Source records
* * * * *

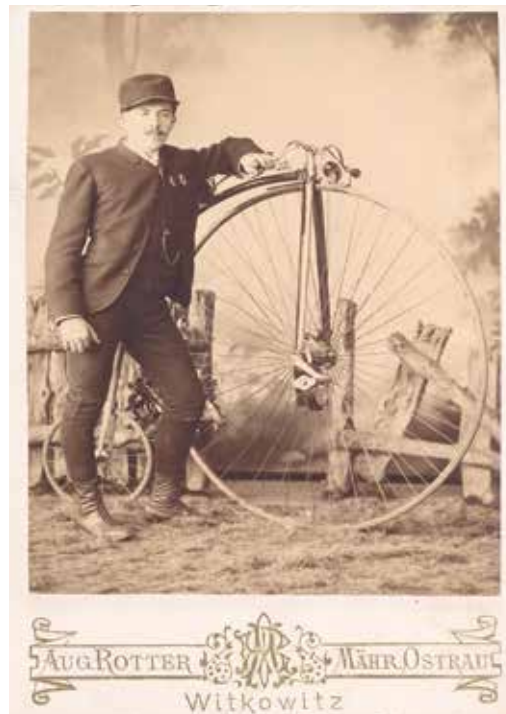
Jízda na kole nemusí být jen sportovním zážitkem, ale také společenskou a kulturní událostí.

Část expozice je také věnovaná cyklistickým závodům a bude doplněna o originální sbírku závodních kol. Výstava prezentuje také světový unikát v podobě obnovy řemesla výroby vysokých kol v České republice, která patří k největším světovým výrobcům špičkových replik vysokých kol. Součástí výstavy bude také videoprojekce věnovaná prezentaci dochovaných archivních fotografií, filmů a dokumentů, kvízy s cyklistickou tematikou pro děti i dospělé a další doprovodný program. (red)
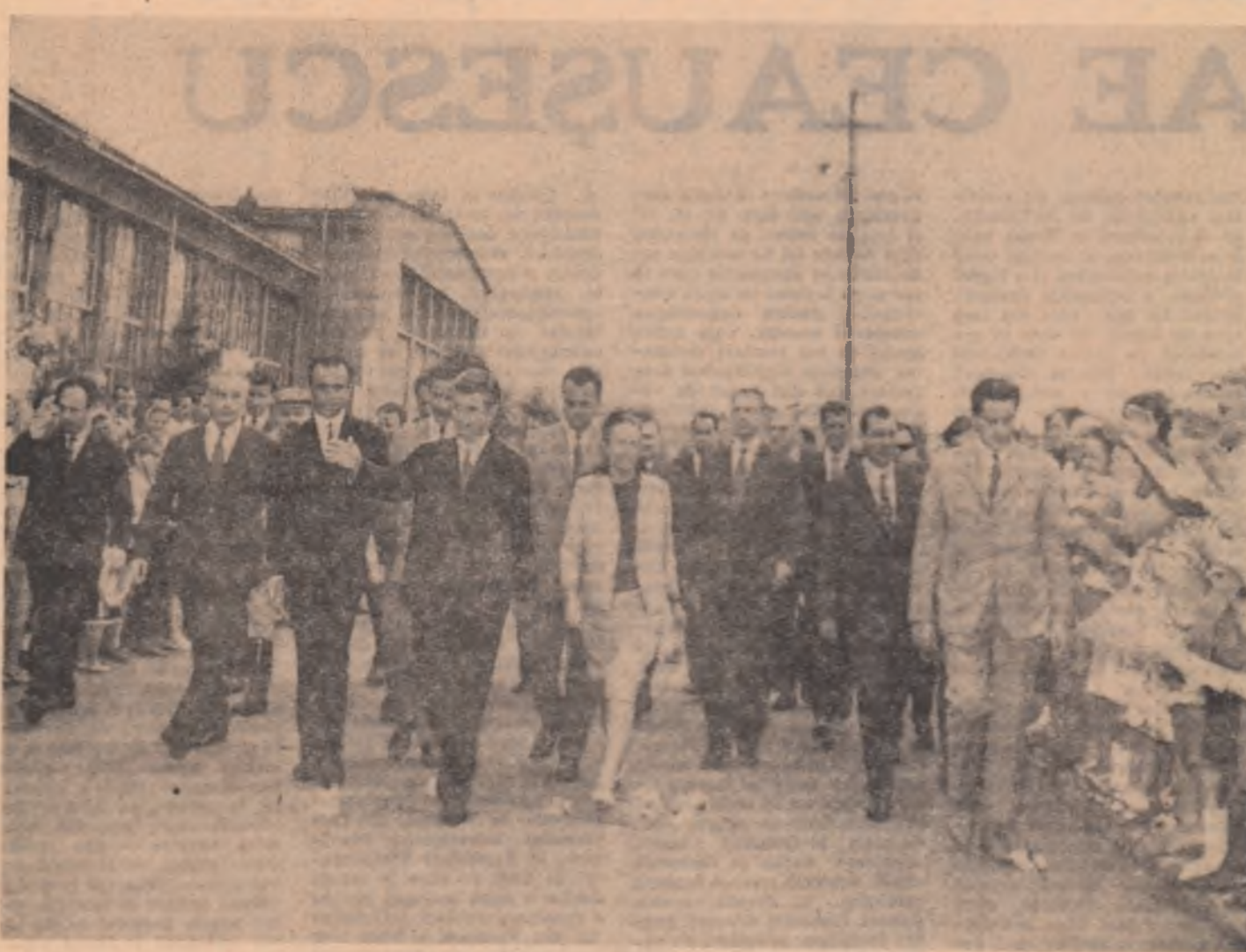
În mijlocul locuitorilor din Cristuru-Seculesc
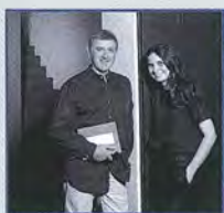
EFA Emilio Faroldi Associati

Lo studio Emilio Faroldi Associati - oggi EFA_Esperienze Forme Architettura - affronta i temi della città, i suoi territori molteplici, le architetture che li compongono, le tecnologie atte al loro divenire costruzione, esplorati nella loro dualità di contenuto funzionale-prestazionale e di sintesi morfologico-compositiva. Paesaggio, sviluppo sostenibile e innovazione tecnologica sono gli elementi di confronto del metodo progettuale, applicato alla complessità di luoghi, spazi e fenomeni contemporanei.
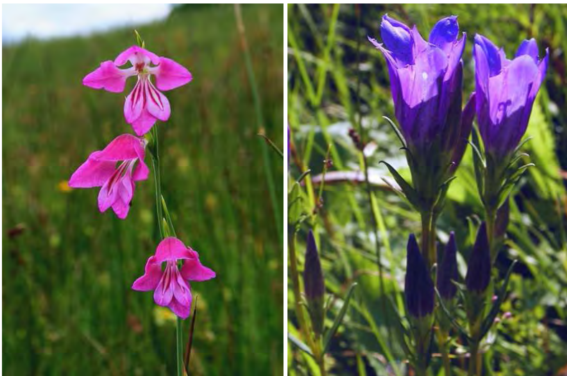
Abbildung 5: Die vom Aussterben bedrohte Sumpf-Gladiole ( Gladiolus palustris ), links, und der stark gefährdete Lungenzian ( Gentiana pneumonanthe ), rechts - zwei typische Streuwiesenarten.

Im Jahr 2006 konnte der Langblättrige Sonnentau ( Drosera anglica ) nicht wiedergefunden werden.
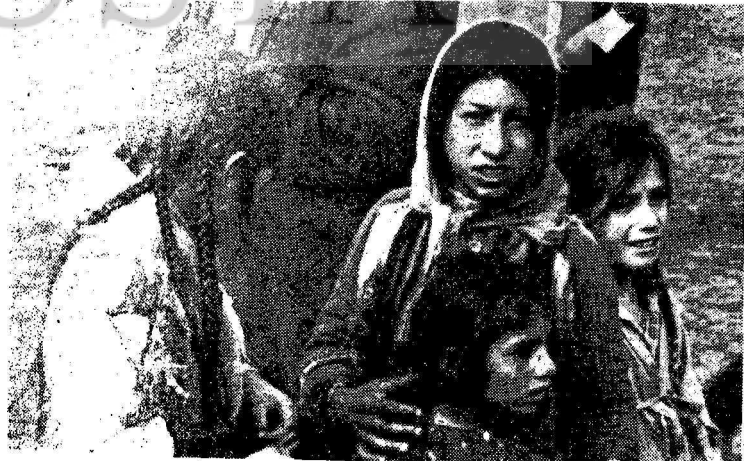
KOMANDO ZÜLMÜ ALFINDA İNLEYEN DOĞULU ÇOCUKLAR

Yurdumuzun her yanında toprak işgalleri yayılmaktadır. Son olarak KUYUCAK-a bağlı Karapınar köyünde topraksız köylüler 1500 dekar araziye işgal etmişlerdir. Köylüler işgal ettikleri toprağı temizleyip ekilebilir hale getirmiş ve sahip çıkmışlardır.
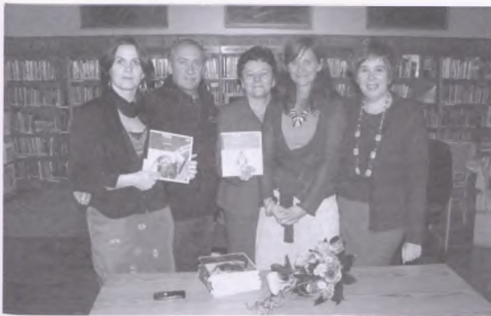
Krzysztof Wielicki był gościem bibliotecznego Klubu Miłośników Podróży Przez kontynenty

pasją jest alpinizm, którym zaraził się podczas studiów elektronicznych we Wrocławiu gdzie prężnie działał klub alpinistyczny. Podczas spotkania z klubowiczami przyznał, że na wysokościach człowiek zmaga się nie tylko z wielkim zmęczeniem, ale i strachem. Choć strach nie jest mu obcy, to nie nazywa go strachem paraliżującym, lecz kreatywnym, czyli takim, który uruchamia wyobraźnię – strachem potrzebnym i pomocnym również w wielu sytuacjach życiowych.

* * * * *

ABOUT THIS TASK
In the data above, which lines have "Faroldi"? Report each of them.

ANSWER SECTION
EFA Emilio Faroldi Associati
Lo studio Emilio Faroldi Associati - oggi EFA_Esperienze Forme Architettura - affronta i temi della città, i suoi territori molteplici, le architetture che li compongono, le tecnologie atte al loro divenire costruzione, esplorati nella loro dualità di contenuto funzionale-prestazionale e di sintesi morfologico-compositiva. Paesaggio, sviluppo sostenibile e innovazione tecnologica sono gli elementi di confronto del metodo progettuale, applicato alla complessità di luoghi, spazi e fenomeni contemporanei.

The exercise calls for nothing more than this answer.